Effectiveness of 13vPCV on children with bacterial pneumonia


A UNSW Sydney-led medical research team has called for a new vaccine, improved strategies and enhanced monitoring to combat serious complications from childhood pneumonia.

The researchers examined the impact of the 13-valent pneumococcal conjugate vaccine (13vPCV) on childhood pneumonia and empyema – complicated pneumonia – after its introduction to the Australian National Immunisation Program about a decade ago.

The new study, published in Thorax recently, found that while 13vPCV resulted in a 21% decrease in childhood pneumonia hospitalisations, there was a contemporaneous 25% increase in admissions for empyema.

This incidence data for childhood empyema hospitalisations is similar to that reported in other countries.

Approximately 7,000 Australians under the age of 18 are hospitalized with pneumonia each year.

Senior author Professor Adam Jaffe, Head of the School of Women’s and Children’s Health at UNSW Medicine & Health, said the researchers’ findings suggested an emergence of non-vaccine serotypes – those which 13vPCV does not cover.

13vPCV was introduced to cover the 13 most common serotypes responsible for invasive pneumococcal infection, extending coverage to six additional serotypes including 1 and 3.

The previous vaccine (7vPCV) covered seven serotypes. A serotype is a distinct variation within a bacteria species.

Prof. Jaffe said: “Although we found a substantial reduction in serotype 1, serotype 3 is now the predominant organism which causes childhood empyema – in 76% of cases – so, efforts must be made to create a vaccine which is more effective against serotype 3.

“In fact, Australia recently changed the vaccination dosage schedule to try and improve the effectiveness of 13vPCV against serotype 3, but we need to continue monitoring patients using molecular techniques to see if this change has had an impact.

“Childhood bacterial pneumonia and empyema are potentially preventable diseases through vaccination. So, if Australia can develop an effective vaccine, we could prevent children from being hospitalized with pneumonia and empyema.”

Empyema is infected fluid around the lungs and about 1% of children hospitalized with pneumonia develop it.

Although children are highly unlikely to die from empyema, they can expect a long stay in hospital for treatment with antibiotics and surgery, or the insertion of a drain. If adults develop empyema, about a third are likely to die.

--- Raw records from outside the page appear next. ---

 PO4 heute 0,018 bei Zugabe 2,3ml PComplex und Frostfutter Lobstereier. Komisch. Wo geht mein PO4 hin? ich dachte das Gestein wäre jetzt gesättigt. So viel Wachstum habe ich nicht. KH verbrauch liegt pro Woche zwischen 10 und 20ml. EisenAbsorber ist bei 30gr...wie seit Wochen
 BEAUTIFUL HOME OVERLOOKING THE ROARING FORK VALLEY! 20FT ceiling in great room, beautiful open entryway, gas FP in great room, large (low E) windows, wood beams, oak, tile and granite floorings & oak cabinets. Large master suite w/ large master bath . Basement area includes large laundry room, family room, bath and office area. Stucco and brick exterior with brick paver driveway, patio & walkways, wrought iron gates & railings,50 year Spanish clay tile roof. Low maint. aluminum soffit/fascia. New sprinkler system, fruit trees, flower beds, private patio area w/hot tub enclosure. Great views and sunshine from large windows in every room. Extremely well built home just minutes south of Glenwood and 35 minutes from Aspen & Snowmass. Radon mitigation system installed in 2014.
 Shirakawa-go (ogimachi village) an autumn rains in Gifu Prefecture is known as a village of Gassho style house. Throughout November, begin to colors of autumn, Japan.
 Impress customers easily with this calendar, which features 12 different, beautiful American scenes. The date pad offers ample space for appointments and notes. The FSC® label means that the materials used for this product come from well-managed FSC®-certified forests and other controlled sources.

Continuing enhanced surveillance needed

The researchers conducted a similar study during the period of the superseded 7vPCV. Their new study – which took four years to complete – is part of a broader research project on 13vPCV.

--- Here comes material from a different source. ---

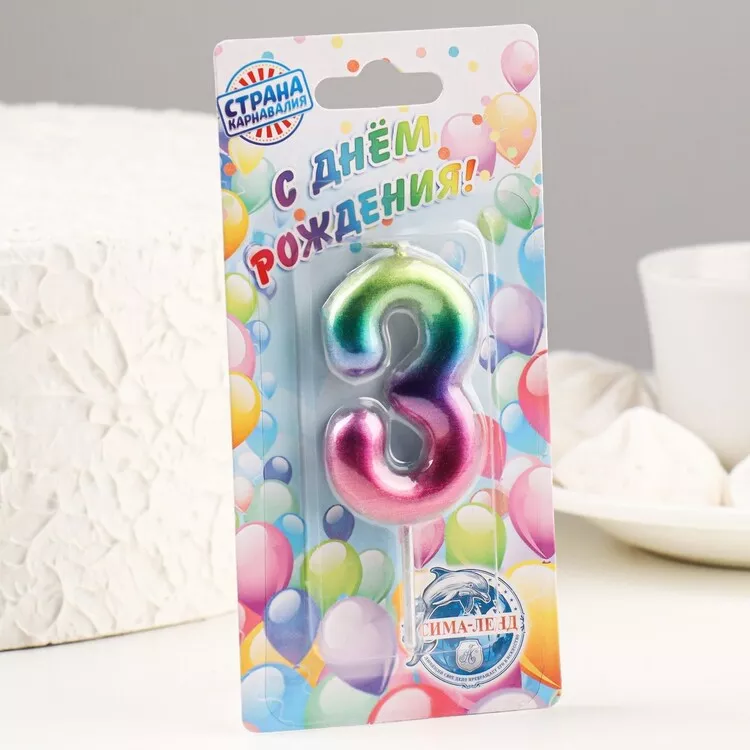 "Акварель" Свечи для торта "Цифра 3" 6см
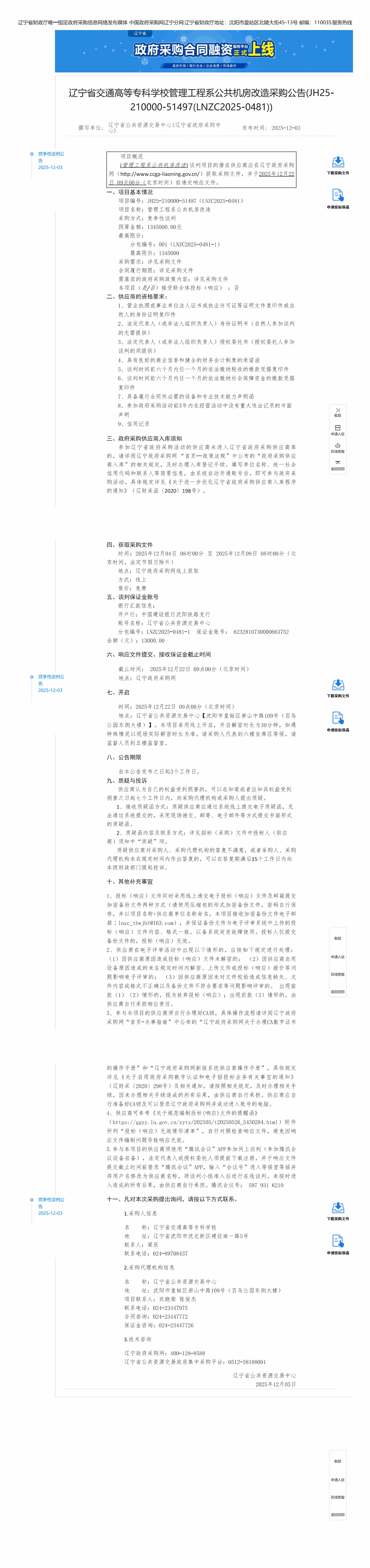 管理工程系公共机房改造项目招标公告(LNCC2025144)

“Our new study had two parts,” Prof. Jaffe said. “We analyzed national hospitalisations for childhood empyema and childhood pneumonia, then we conducted an enhanced surveillance study on children with empyema.”

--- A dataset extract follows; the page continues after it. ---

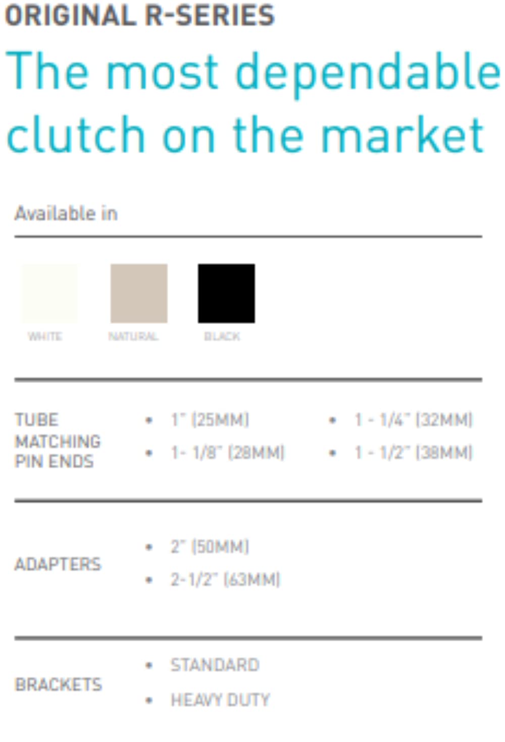 Rollease - R3 Roller Shade Clutch For 1 1/8'' Tube - White For More Than 30 Years, R-Series Clutches Have Been The Market Leader When It Comes To Reliability, Dependability And Strength. Rollease Acmeda Pioneered The R-Series Clutch In 1982 And No One Has Been Able To Beat It Since. The R-Series Clutch Is Ideal For Handling Commercial Applications Or Large Weights And Lives Up To Heavy Usage Time And Time Again. Our Proprietary Spring Mechanism Creates An Easy Pull For A Smooth, Uninterrupted Lifting Of Window Coverings. The R-Series Distinctive Design Was Worthy Of A Registered Trademark. The Internal Spring Arrangement Distributes The Interior Forces Evenly Over The Inner Core To Offer A Smooth And Durable Pull. The Ratio Between The Bead Chain Pulley And The Shade Tube Creates A Mechanical Advantage That Allows The Pull Forces To Raise A Shade To Be Less Than The Actual Weight Of The Shade. The R-Series Clutch Comes In Brown, Black, And White. Refer To The Picture Chart For Sizes.
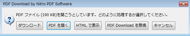 結論から言うと、ブラウザFirefoxにアドオン(拡張機能)で「PDF Download」というものがありますので、これをインストールすれば解決します。PDFファイルをクリックした時に自動で以下のような「ダウンロード」「PDFで開く」「HTMLで表示」などを選択できるウインドウが出てきます。

The first part of the research used publicly available hospitalisations data – about 36,000 admissions – to assess whether the introduction of 13vPCV changed how many children were admitted to hospital with pneumonia and empyema.

The enhanced surveillance study involved the collection of blood and lung fluid samples from 401 children with empyema from February 2015 to September 2018.

The children were receiving treatment in 11 major children’s hospitals across Australia.

Most children were boys (208 or 52%) and the median age was four years old.

The researchers then conducted molecular testing on these samples and compared the results to their previous study undertaken during the period of 7vPCV.

The multidisciplinary team included Dr. Nusrat Homaira, of the Discipline of Paediatrics at UNSW Medicine & Health, and pediatric research nurse Roxanne Strachan of Sydney Children’s Hospital.

Prof. Jaffe said: “Our new research is the first of its kind in Australia – so, we now have the best data available for complicated childhood pneumonia to help guide future vaccination introductions and improve vaccine strategies.

“We are currently working on our larger study, of which this was a subset, to examine the effectiveness of 13vPCV on children with bacterial pneumonia. We will need to repeat the study in a few years’ time to help with monitoring.

“In the meantime, it would make a big difference if molecular testing of patients’ lung fluid was routine in laboratories, because that would ensure we had the best real-time data available which will help rationalize antibiotic choice; also, we would have no need to seek funding to undertake this much-needed research.”

Streptococcus pneumoniae (pneumococcus) is the leading cause of pneumonia deaths in children under 5 years of age [1]. The pneumococcus is also a leading cause of meningitis, bacteraemia and otitis media [2]. Young children in the highlands of Papua New Guinea (PNG), where this study was performed, experience one of the highest rates of pneumococcal disease in the world, with approximately 5 out of 100 children experiencing invasive pneumococcal disease (IPD) in the first year of life [3].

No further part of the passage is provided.